There are many fine restaurants in both Alsace and Lorraine; some with Michelin stars and international reputations. The food served is French haut cuisine although some Alsatian specialties are found as well. But family fare in Alsace and Lorraine remains closer to traditional dishes of each province and tends to differ sharply. Alsace is famed for its hybrid, German-style dishes such as choucroute garni (sauerkraut with potatoes, smoked pork, various sausages and even goose at times). The home cooking of Lorraine aligns more closely with traditional French country fare.

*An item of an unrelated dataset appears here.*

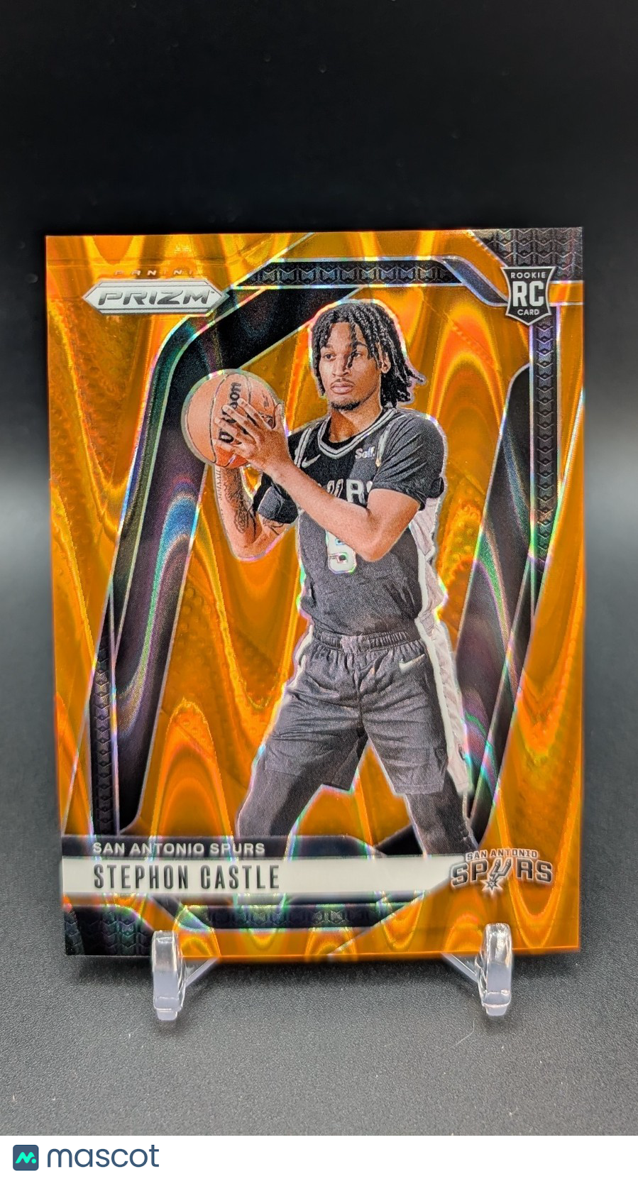 Elevate your basketball card collection with the 2024-25 Panini Prizm - Stephon Castle #234 Orange Seismic Prizm /199 (RC). This card showcases the promising talent of Stephon Castle, capturing the essence of his rookie season with the San Antonio Spurs. The vibrant Orange Seismic Prizm parallel adds an exciting layer of collectibility, highlighting Castle's potential as an NBA star. This limited edition card, numbered to just 199, is a must-have for fans and collectors alike. Meticulously crafted in the United States, the card is a true piece of sports memorabilia that celebrates the NBA Finals and the craftsmanship of Panini. Add this exceptional card to your set today and own a piece of basketball history. Listed With Mascot.

During the Alsatian days of this journey we enjoyed a memorable meal with my aunt Anna and cousin Freddy whose wife Ginette was our cook. This meal was a textbook example of Alsatian-style cookery. The lengthy, at-home luncheon consisted of an appetizer of pate de foie gras served with an Alsatian Gewurtztraminer This was followed by a huge platter of choucroute garni (sauerkraut, carrots, potatoes, smoked pork and several kinds of local sausage and was accompanied by frosted steins of German beer. Then followed two cheeses, a strong Munster and a soft and creamy St. Hubert which we ate with homemade, brown bread. Dessert was the traditional kugelhopf, a light golden, round cake baked in a form with a hole in its center. It was dusted with powdered sugar. There were also cookies, blueberry pie and homemade ice cream with framboise sauce. Not your typical light lunch.

We spent a week in Alsace, then asked my aunt to telephone ahead (approximately 100 miles) to my cousins in Lorraine to advise that the following morning we would be on our way for a visit that had been previously established by letter. My Alsatian aunt declined saying that the two branches of the family were “not close”---a personal example of how Alsace and Lorraine is a land divided. My daughter Laurel in her best schoolgirl French, made the call and the arrangements for our next family meeting.

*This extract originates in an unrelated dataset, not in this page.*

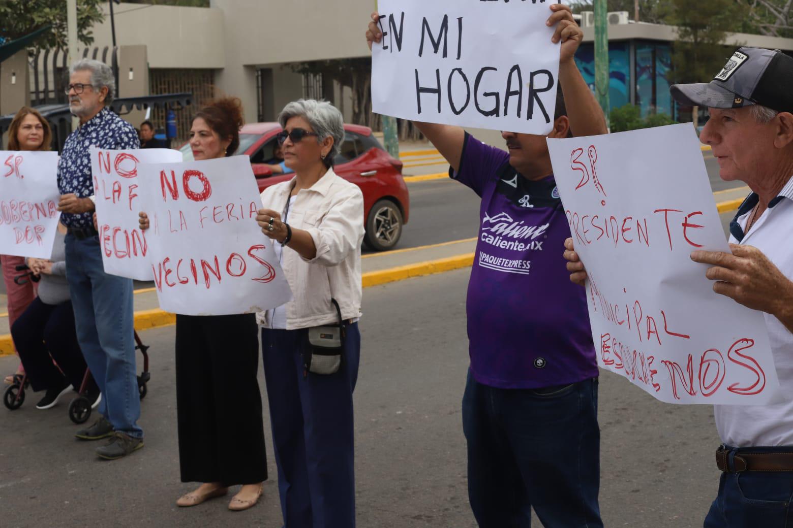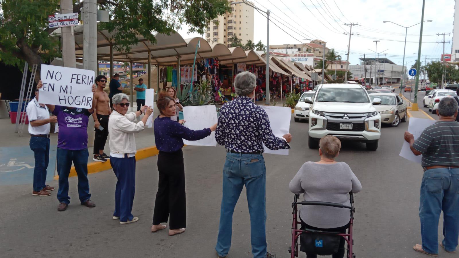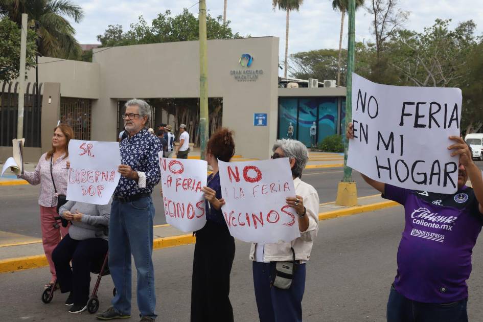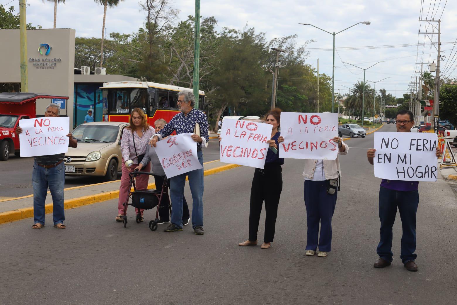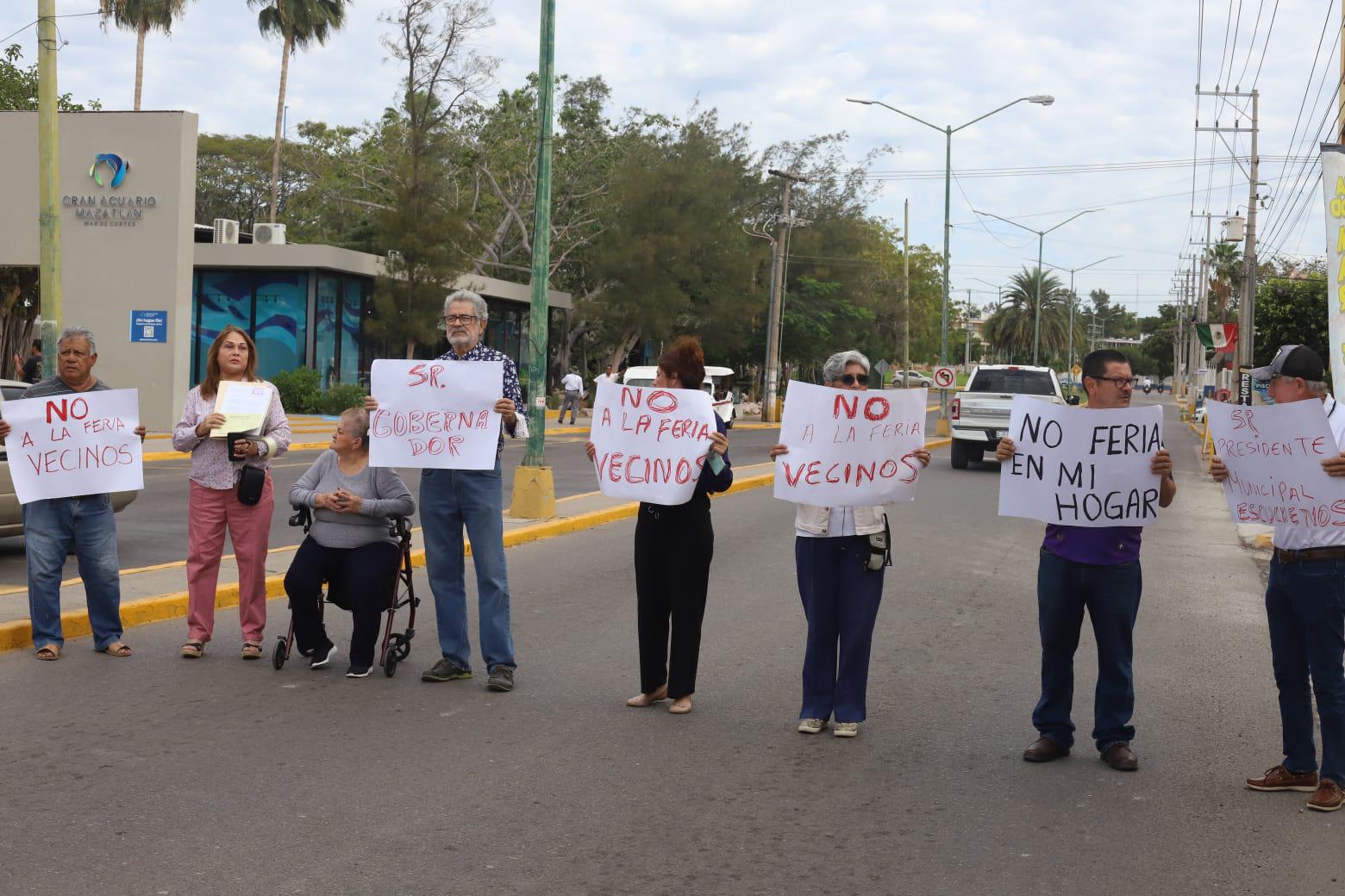 MAZATLÁN._Vecinos del Fraccionamiento Tellerías se manifestaron de manera pacífica contra la Feria del Carnaval, la mañana de este viernes, la cual se instaló en el estacionamiento que está enfrente del Acuario de Mazatlán.

And so we drove to Lorraine for a visit with my relatives who lived in Thorey Lyautey, a tiny village near Nancy.

The festive, early evening meal consisted of typical French country food: First we sipped some celebratory homemade eaux-de-vie Mirabelle made from the tiny yellow plums from my cousin Renee’s garden. The meal began with these appetizers: a homemade vegetable terrine, crackers with a thin slice of garden tomato, topped with a slice of hard-cooked egg and a dot of homemade mayonnaise, French bread and gherkins. With a nod toward the other side of the Vosge Mountains this was served with a glass of Alsatian Pinot Blanc. Then, followed a roast loin of pork (slightly pink) with a small pitcher of au jus. Haricots Jaune (yellow string beans) sautéed with bacon bits accompanied the roast. This was served with a modest Cote du Rhone. Next was a garden lettuce salad dressed with mustard vinaigrette. (No wine with the salad). Three cheeses followed: Camembert, St. Albert and Port Salud with the remaining wine; and again with French bread and a sweet butter. Finally, there were fresh white peaches and purple grapes from the garden. After dinner we sipped tiny glasses of eaux-de-vie Mirabelle. On parting, Renee’s husband Roger gave me some of his eaux-de-vie in a brown whiskey bottle, stopped with a cork. Later that night in our hotel room back in Nancy I sipped some of it before I went to sleep and left the glass on the nightstand by the bed. The next morning the room was perfumed with the scent of the golden plums.

Today, much of the world’s cuisine is homogenous. Let’s hope the traditional family cuisines of Alsace and Lorraine retain their individuality.


San Francisco writer Ernest Beyl is a former U.S. Marine, Hollywood press agent, PR exec and newspaper reporter. These days he spends his time working on a book about San Francisco, writing monthly columns for his city’s Nob Hill Gazette and playing the Chinese gong for the Green Street Mortuary Marching Band. He has written several articles for Saveur Magazine.